Prompt ->
Restate all of the following data exactly, keeping any images out of the copy.
*** Opening Collected material ***
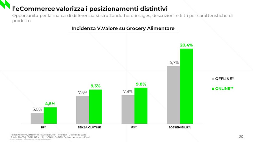 I risultati dello studio di NielsenIQ evidenziano che l’e-commerce valorizza più del canale offline i prodotti caratterizzati da un posizionamento distintivo, cioè quelli che presentano delle caratteristiche specifiche che li differenziano dai concorrenti. La quota a valore nel carrello online è infatti più alta rispetto a quello offline dei prodotti Sostenibili (20,4% vs 15,7%), biologici (4,5 vs 3%), senza glutine (9,3 vs 7,5%) e a marchio fsc (9,8 vs 7,8%), cioè i prodotti realizzati con un uso responsabile delle risorse forestali.
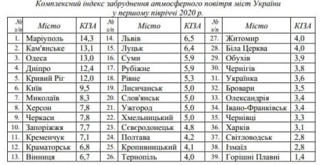 Серед 39 міст, в яких проводилися дослідження, у 10 спостерігається високий рівень забрудненості (за комплексним індексом забрудненості атмосфери) – і Кременчук входить у цю групу. Найвищий рівень забрудненості у Маріуполі (14,3), а найчистіше повітря у Горішніх Плавнях (1,4).
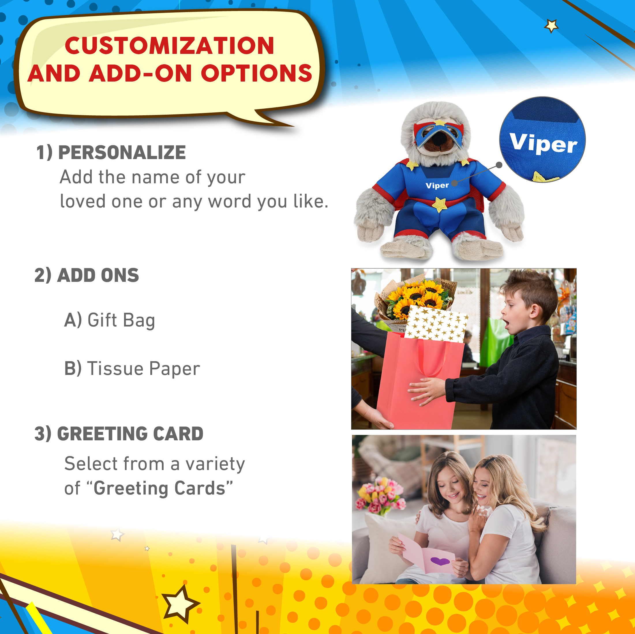 - Personalization, Customization, and Add-On Options – The sloth stuffed animal comes dressed in a full superhero outfit, complete with eye mask, suit with cape, and star details. Make your super hero sloth toy special by adding a personalized name, which we will imprint onto the plush. You can also customize your plush hero toy by adding any of our add-ons to create the perfect gift: 1) Gift Bag 2) Tissue Paper 3) Greeting Card.
*** Closing Collected material ***
Expected output ->
 I risultati dello studio di NielsenIQ evidenziano che l’e-commerce valorizza più del canale offline i prodotti caratterizzati da un posizionamento distintivo, cioè quelli che presentano delle caratteristiche specifiche che li differenziano dai concorrenti. La quota a valore nel carrello online è infatti più alta rispetto a quello offline dei prodotti Sostenibili (20,4% vs 15,7%), biologici (4,5 vs 3%), senza glutine (9,3 vs 7,5%) e a marchio fsc (9,8 vs 7,8%), cioè i prodotti realizzati con un uso responsabile delle risorse forestali.
 Серед 39 міст, в яких проводилися дослідження, у 10 спостерігається високий рівень забрудненості (за комплексним індексом забрудненості атмосфери) – і Кременчук входить у цю групу. Найвищий рівень забрудненості у Маріуполі (14,3), а найчистіше повітря у Горішніх Плавнях (1,4).
 - Personalization, Customization, and Add-On Options – The sloth stuffed animal comes dressed in a full superhero outfit, complete with eye mask, suit with cape, and star details. Make your super hero sloth toy special by adding a personalized name, which we will imprint onto the plush. You can also customize your plush hero toy by adding any of our add-ons to create the perfect gift: 1) Gift Bag 2) Tissue Paper 3) Greeting Card.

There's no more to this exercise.